Some years later, I was divorced again, and living in a rented flat a long way from the parts of London that I knew well. Coming home after an exhausting shift on the ambulances, I had nobody to talk to, and sat in that cold, damp flat feeling very unhappy. I dealt with that the second time by drinking a great deal of red wine, and seeking oblivion.

I had to rethink though. Was I genuinely unhappy, or was I just feeling sorry for myself? Was ‘unhappy’ just a convenient word for a different feeling?

Now with the accrued life knowledge of 70 years, I have come to a conclusion. I have been unhappy for others, which is probably better called sympathy or empathy, depending on the circumstances. I have been miffed about something, fed up with something else, and have definitely felt sorry for myself on numerous occasions.

The good news though is that I have never been truly unhappy.

An Alphabet Of my Life: S

S=Science

This S is about the applications of science in my lifetime. Things that were unimaginable when I was born are commonplace now. Some of those are materials; things like Teflon, Polyurethane, Velcro, Waterproof Fabrics, Memory Foam, Polyester. They have provided advances in comfort, ease of use, preserving and cooking food, and in safety wear for those working outside. Unfortunately, they have also contributed to landfill, the pollution of the oceans, and even microparticle contamination of human bodies.

Everything we invent comes with a price, it seems.

Medical science has exceeded all expectations since my birth in 1952. Birth control, In Vitro Fertilisation, Open-Heart Surgery, Genetics, DNA, Artificial Valves, Pacemakers, Organ Transplantation, and Micro-Surgery. The eqipment and expertise to care for a premature baby that would previously have died. Drugs to control Diabetes, Epilepsy, and many other life-changing or life-threatening conditions. Add to that the advances in Scanning, Medical Lasers, the ability to operate on babies in the womb, and an adult from 1952 would find it hard to comprehend the amazing possibilities 70 years later.
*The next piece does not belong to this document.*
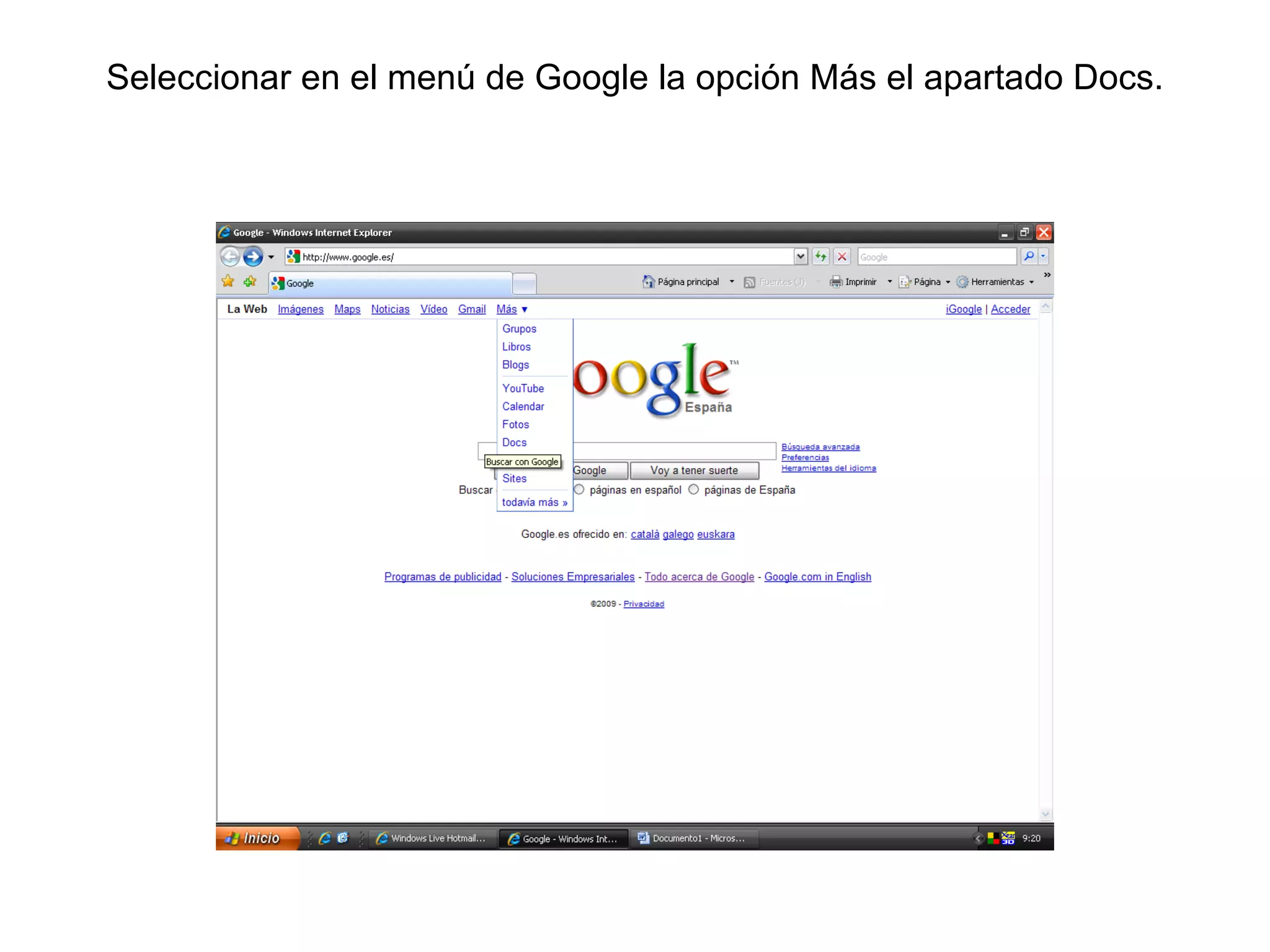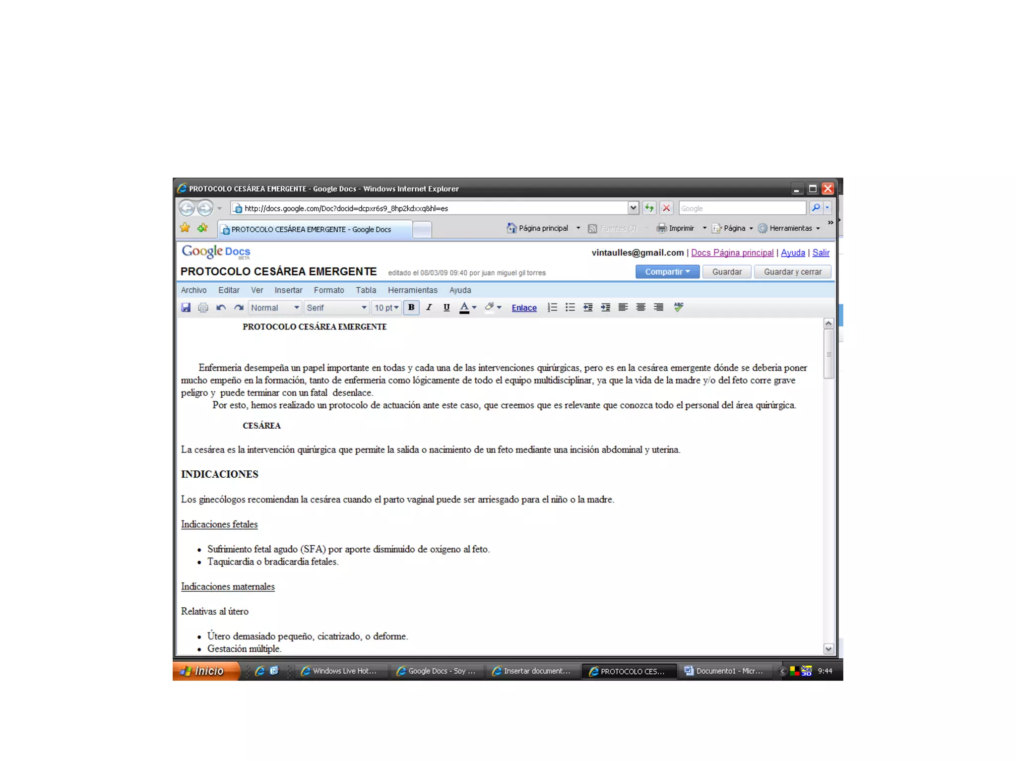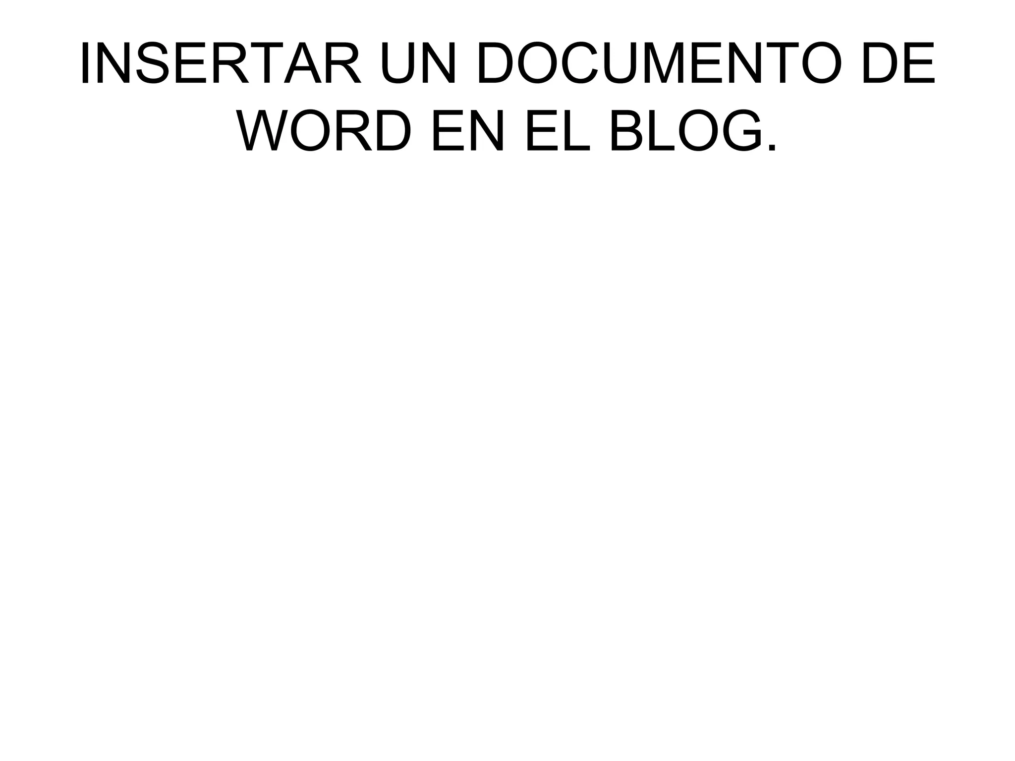 Este documento explica cómo insertar un documento de Word en un blog de Google. Primero se selecciona la opción "Docs" en el menú de Google y se accede a la cuenta de Gmail. Luego se crea un nuevo documento y se escribe el texto, guardándolo y cerrándolo una vez terminado. Finalmente, se edita el HTML del documento y se copia el código en una nueva entrada de blog para publicarlo con el documento insertado.

Life expectancy has extended significantly since I was born. Average life expectancy in 1952 in Britain (male and female lifespans combined) was 69.17 years. 70 years later, it is now 81.65 years. That has brought with it a huge number of problems. The increase in elderly people with Dementia. The problems of caring for the elderly and disabled in their own homes, or in dedicated old people’s homes. Hospitals full of old people who cannot be easily discharged after breaking bones or having major surgery. The cost of paying pensions to so many more people who lived much longer than expected, and the reduced birth rate failing to supply enough working people to pay the National Insurance and Taxation required to fund such an ageing population.

Back to everything we invent coming with a price.

There are other scientific achievements in my lifetime that were less desirable.

Atom bombs were replaced by nuclear bombs, and those in turn replaced by thermo-nuclear bombs. Military weapons became more advanced, and the ability to kill more people from a greater distance is the darker side of ‘progress’ during the last 70 years.